Receta sencilla
Torta de leche condensada, aprende a hacer este delicioso postre con solo 6 ingredientes
Ideal para la hora del mate o para cerrar cualquier comida con un toque dulce.Hay recetas que logran un equilibrio perfecto entre lo práctico y lo delicioso. La torta de leche condensada es justamente eso: simple de hacer, con ingredientes que seguro tenés en casa, y con un sabor que conquista desde el primer bocado. Su textura esponjosa y húmeda la hace ideal para acompañar una ronda de mates o para guardar en la heladera y disfrutar durante la semana.
Esta preparación no requiere experiencia en repostería. Solo un poco de ganas y algo de tiempo. Acá te dejamos el procedimiento bien detallado para que no haya margen de error y el resultado sea una torta casera digna de repetir.
Ingredientes para esta torta de leche condensada
- 3 huevos
- 1 lata de leche condensada
- 1 taza de harina leudante
- ½ taza de leche
- ½ taza de manteca derretida
- 1 cucharadita de esencia de vainilla
Paso a paso para este increíble postre
- Precalentá el horno a 180°C y engrasá un molde mediano con manteca o aceite. También podés colocarle papel manteca en la base para desmoldarla con más facilidad.
- Batí los huevos con la leche condensada en un bol grande. Hacelo con cuchara de madera, batidor de mano o eléctrico. Asegurate de integrar bien ambos ingredientes hasta que la mezcla esté homogénea y sin grumos.
- Agregá los líquidos: incorporá la leche, la manteca previamente derretida y la esencia de vainilla. Mezclá bien para que se integren todos los sabores. Esta etapa es clave para que la torta tenga buena textura.
- Sumá la harina leudante tamizada. Hacelo de a poco, en forma de lluvia, mientras mezclás suavemente con movimientos envolventes. Esto evitará que se formen grumos y te va a ayudar a mantener la mezcla aireada.

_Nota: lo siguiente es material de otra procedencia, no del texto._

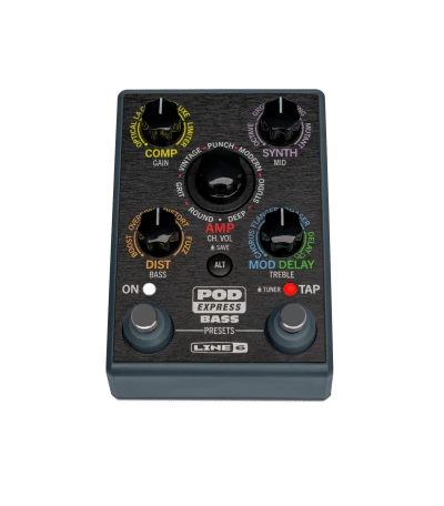 POD Express Bass is an ultra-portable bass amp and effects processor that enables bassists to take their tones wherever they choose, Simple controls make it easy to use, while models derived from the HX family of processors ensure exceptional sound quality and authentic feel. POD Express Bass gives bassists seven amps, seven cabs, and 17 distortion, compression, synth, modulation, and delay effects – including a looper- and it may be powered by three AA batteries (included) or an optional 9-volt power supply. Additional features include stereo outputs, tap tempo, a tuner, a noise gate, a headphone output, and a USB-C audio interface with re-amping capabilities. Add on optional expression pedal for volume control, or up to two footswitches to select presets or turn effects on and off.

- Verté la preparación en el molde y alisá la superficie con una espátula o cuchara. Llevá al horno durante 35 a 40 minutos o hasta que al insertar un palillo en el centro, este salga seco. El color dorado será tu mejor señal.
- Dejá enfriar a temperatura ambiente, desmoldá con cuidado y servila así como está, o espolvoreada con azúcar impalpable. Si querés una versión más golosa, podés cubrirla con una capa fina de dulce de leche o un glaseado casero.
Un postre que se adapta a todos los gustos
Si querés darle un toque personal, sumale chips de chocolate, coco rallado o ralladura de limón a la mezcla antes de hornear. También podés acompañarla con frutas frescas para una merienda más fresca y liviana.
Esta torta de leche condensada es ideal para resolver una merienda con poco presupuesto y sin renunciar al sabor. Es rendidora, se conserva muy bien y lo mejor: siempre deja a todos con ganas de repetir. ¿Qué más se puede pedir?